BACKGROUND & AIMS: :DNA damage-induced SOS response elicits the induction of cell-division suppressor as well as DNA repair genes. In Gram-positive bacteria, cell-division suppressor genes, so far characterized from Bacillus subtilis (yneA) and Mycobacterium tuberculosis (rv2719c), share limited homology, but are both located in the vicinity of lexA on their respective genomes. Using this proximity to lexA, Corynebacterium glutamicum R divS (cgR1759) was identified as an SOS-inducible cell-division suppressor in this study. The amino acid sequence of DivS showed no homology to that of YneA and Rv2719c. divS expression was markedly induced by DNA-damaging mitomycin C treatment in wild-type cells, but not in its DeltarecA mutant cells, which are unable to induce the SOS response. Wild-type C. glutamicum R cells exposed to DNA-damaging mitomycin C exhibited elongated morphology that, using green fluorescent protein-FtsZ fusion protein, was attributed to defects in FtsZ ring assembly. Cells defective in FtsZ ring assembly were subsequently incapable of septum wall synthesis. In the presence of mitomycin C, divS mutant cells did not exhibit this elongated morphology, whereas cells overexpressing divS were elongated and abnormally branched.

背景与目标： DNA损伤诱导的SOS反应引发细胞分裂抑制因子以及DNA修复基因的诱导。在革兰氏阳性细菌中，到目前为止，以枯草芽孢杆菌（yneA）和结核分枝杆菌（rv2719c）为特征的细胞分裂抑制基因具有有限的同源性，但都位于各自基因组的lexA附近。使用这种接近lexA的方法，谷氨酸棒杆菌R divS（cgR1759）被确定为SOS诱导的细胞分裂抑制剂。 DivS的氨基酸序列与YneA和Rv2719c没有同源性。 DNA破坏性丝裂霉素C处理可在野生型细胞中显着诱导divS表达，而在不能诱导SOS应答的DeltarecA突变细胞中则不会。暴露于破坏DNA的丝裂霉素C的野生型谷氨酸棒状杆菌R细胞表现出细长的形态，该形态使用绿色荧光蛋白-FtsZ融合蛋白归因于FtsZ环装配中的缺陷。 FtsZ环组件中有缺陷的细胞随后无法进行隔壁合成。在存在丝裂霉素C的情况下，divS突变细胞没有表现出这种拉长的形态，而过表达divS的细胞则拉长且异常分支。

BACKGROUND & AIMS: :In response to DNA damage from ultraviolet (UV) radiation, bacteria deploy the SOS response in order to limit cell death. This bacterial SOS response is characterized by an increase in the recA gene that transactivates expression of multiple DNA repair genes. The current series of experiments demonstrate that a mammalian organ system (the cochlea) that is not evolutionarily conditioned to UV radiation can elicit SOS responses that are reminiscent of that of bacteria. This mammalian SOS response is characterized by an increase in the p53 gene with activation of multiple DNA repair genes that harbor p53 response elements in their promoters. Furthermore, the experimental results provide support for the notion of a convergent trigger paradox, where independent SOS triggers facilitate disparate physiologic sequelae (loss vs. recovery of function). Therefore, it is proposed that the mammalian SOS response is multifunctional and manipulation of this endogenous response could be exploited in future biomedical interventions.

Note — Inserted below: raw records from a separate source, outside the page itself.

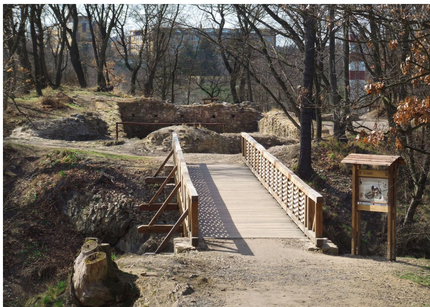
Castle core with a cellar of the tower-like palace. View from north-east, across the moat.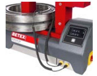
Dual temperature sensing (monitoring \Delta T )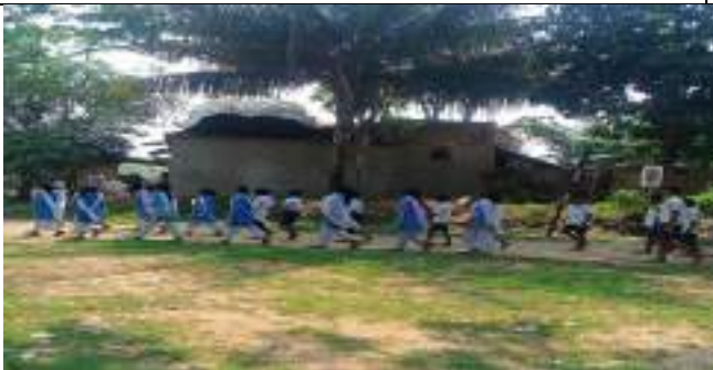
AHIYAS HIGH SCHOOL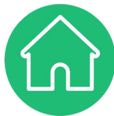
LIDAR-assisted 3D Modeling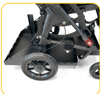
3 Piece Removable Vent Tray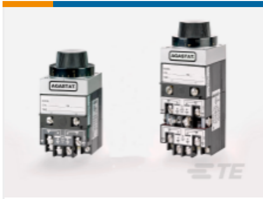
TE Part # 2-1423159-3 7012PC=RLY,STD,ON,2P,125VDC,15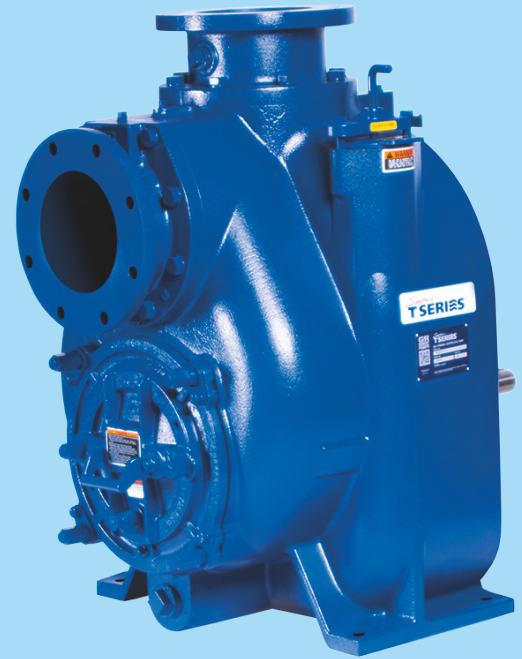
Shown with Optional Suction and Discharge Spool Flanges (Available in ASA or DIN Standard Sizes).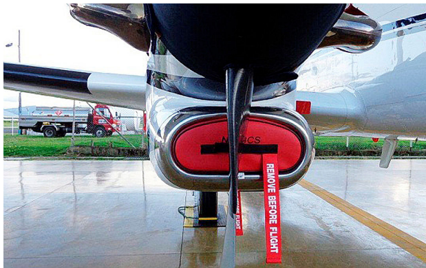
Beech King Air C90B Main Engine Inlet Plug

Engine Inlet Plugs are custom fit for your Beech 99 Airliner intakes, made with heavy-duty vinyl material, and stuffed with a single block of sculpted urethane foam. Each plug has a zipper that allows the foam to be removed and dried if necessary. Engine plugs have warning flags that are visible from the cockpit or 'remove before flight' streamers sewn onto the face of the plugs. Most plugs are imprinted with the aircraft registration number in black for an extra charge. Storage bag NOT included. Engine plugs may be inserted after flight when the engine is still warm. Engine Inlet Plugs are commonly referred to as Cowl Plugs, Intake Plugs, Cowl Blocks, Engine Blocks, and Engine Bungs.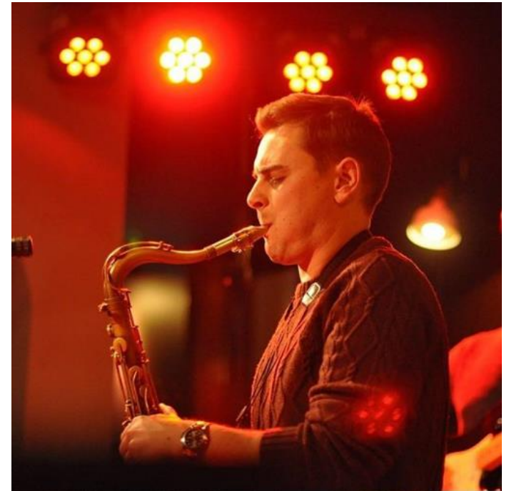
York Comedy club, spoken word shows and record fairs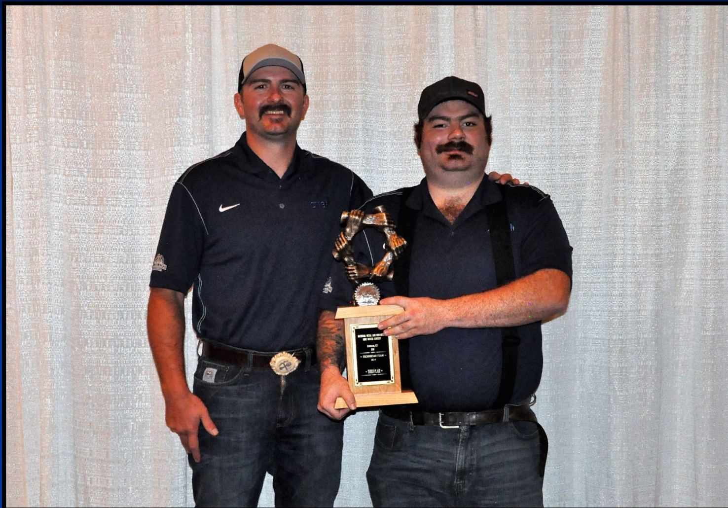
DRAGER BG-4 THIRD PLACE CINER WYOMING - CINER WHITE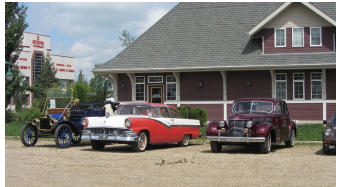
Outside the vintage train station at the Leduc West Antique Society.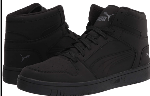
Puma # 38127701 BLACK/BLACK/GRAY

REBOUND LAYUP NB: Vamp perforations and signature formstripe exhibit the iconic basketball look, while the SoftFoam+ sockliner offers excellent cushioning.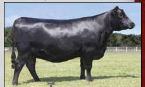
Bred Female, Vintage Angus Ranch, CA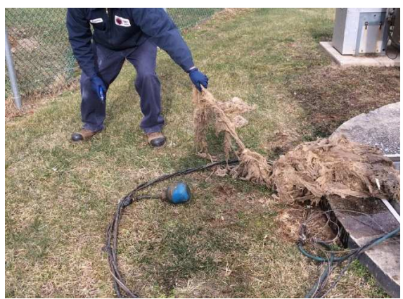
Frederick County, MD

efficiency, increasing the electrical power used by pumps, and potentially even causing pumps to malfunction and stop working completely. Workers must then perform the costly, time consuming, and hazardous task of physically unclogging the pumps. New York City alone spent more than $18 million on wipe-related equipment problems between 2010 and 2015.<sup>3</sup> Every manhour and dollar spent on removing wipe-related clogs is time and money that can no longer be devoted to other crucial projects, such as improving wastewater infrastructure. The following photos of workers removing wipe-related clogs during normal cleanings illustrate the clogs' impact on wastewater systems:

背景与目标： ：为响应紫外线（UV）辐射对DNA造成的损害，细菌会部署SOS反应以限制细胞死亡。这种细菌的SOS反应的特征是recA基因增加，从而激活多个DNA修复基因的表达。当前的一系列实验表明，未经过紫外线条件进化调节的哺乳动物器官系统（耳蜗）可引起SOS反应，这种反应令人联想到细菌。这种哺乳动物的SOS反应的特征是p53基因的增加，并激活了多个在其启动子中带有p53反应元件的DNA修复基因。此外，实验结果为聚合触发悖论的概念提供了支持，其中独立的SOS触发促进了不同的生理后遗症（功能丧失与功能恢复）。因此，提出哺乳动物的SOS应答是多功能的，并且这种内源应答的操纵可在未来的生物医学干预中加以利用。

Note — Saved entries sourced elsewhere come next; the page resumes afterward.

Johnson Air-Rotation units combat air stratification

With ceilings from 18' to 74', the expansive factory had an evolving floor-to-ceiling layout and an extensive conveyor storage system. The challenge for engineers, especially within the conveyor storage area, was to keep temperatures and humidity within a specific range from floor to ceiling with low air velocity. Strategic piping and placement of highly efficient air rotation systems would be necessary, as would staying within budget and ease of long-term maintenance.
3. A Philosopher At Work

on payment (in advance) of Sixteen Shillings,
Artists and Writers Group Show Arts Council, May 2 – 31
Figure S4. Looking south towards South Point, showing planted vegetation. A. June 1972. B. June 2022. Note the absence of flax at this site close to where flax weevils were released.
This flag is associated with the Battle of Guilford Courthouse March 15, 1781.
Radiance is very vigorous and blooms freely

BACKGROUND & AIMS: :Molecular mechanisms responsible for the genetic instability of DNA trinucleotide sequences (TRS) account for at least 20 human hereditary disorders. Many aspects of DNA metabolism influence the frequency of length changes in such repeats. Herein, we demonstrate that expression of Escherichia coli SOS repair proteins dramatically decreases the genetic stability of long (CTG/CAG)n tracts contained in plasmids. Furthermore, the growth characteristics of the bacteria are affected by the (CTG/CAG)n tract, with the effect dependent on the length of the TRS. In an E. coli host strain with constitutive expression of the SOS regulon, the frequency of deletions to the repeat is substantially higher than that in a strain with no SOS response. Analyses of the topology of reporter plasmids isolated from the SOS+ and SOS- strains revealed higher levels of negative supercoiling in strains with the constitutively expressed SOS network. Hence, we used strains with mutations in topoisomerases to examine the effect of DNA topology upon the TRS instability. Higher levels of negative DNA supercoiling correlated with increased deletions in long (CTG/CAG)n, (CGG/CCG)n and (GAA/TTC)n. These observations suggest a link between the induction of bacterial SOS repair, changes in DNA topology and the mechanisms leading to genetic instability of repetitive DNA sequences.

背景与目标： ：造成DNA三核苷酸序列（TRS）遗传不稳定性的分子机制至少导致了20种人类遗传性疾病。 DNA代谢的许多方面都会影响此类重复序列长度变化的频率。在本文中，我们证明了大肠杆菌SOS修复蛋白的表达显着降低了质粒中长（CTG / CAG）n片段的遗传稳定性。此外，细菌的生长特性受到（CTG / CAG）n束的影响，其效果取决于TRS的长度。在具有SOS调节子组成型表达的大肠杆菌宿主菌株中，重复序列的缺失频率明显高于无SOS应答的菌株。从SOS和SOS菌株中分离的报告质粒的拓扑分析表明，在具有组成型表达SOS网络的菌株中，负超螺旋水平更高。因此，我们使用在拓扑异构酶中具有突变的菌株来研究DNA拓扑对TRS不稳定性的影响。负DNA超螺旋的较高水平与长（CTG / CAG）n，（CGG / CCG）n和（GAA / TTC）n中缺失的增加相关。这些观察结果表明诱导细菌SOS修复，DNA拓扑结构变化与导致重复DNA序列遗传不稳定的机制之间存在联系。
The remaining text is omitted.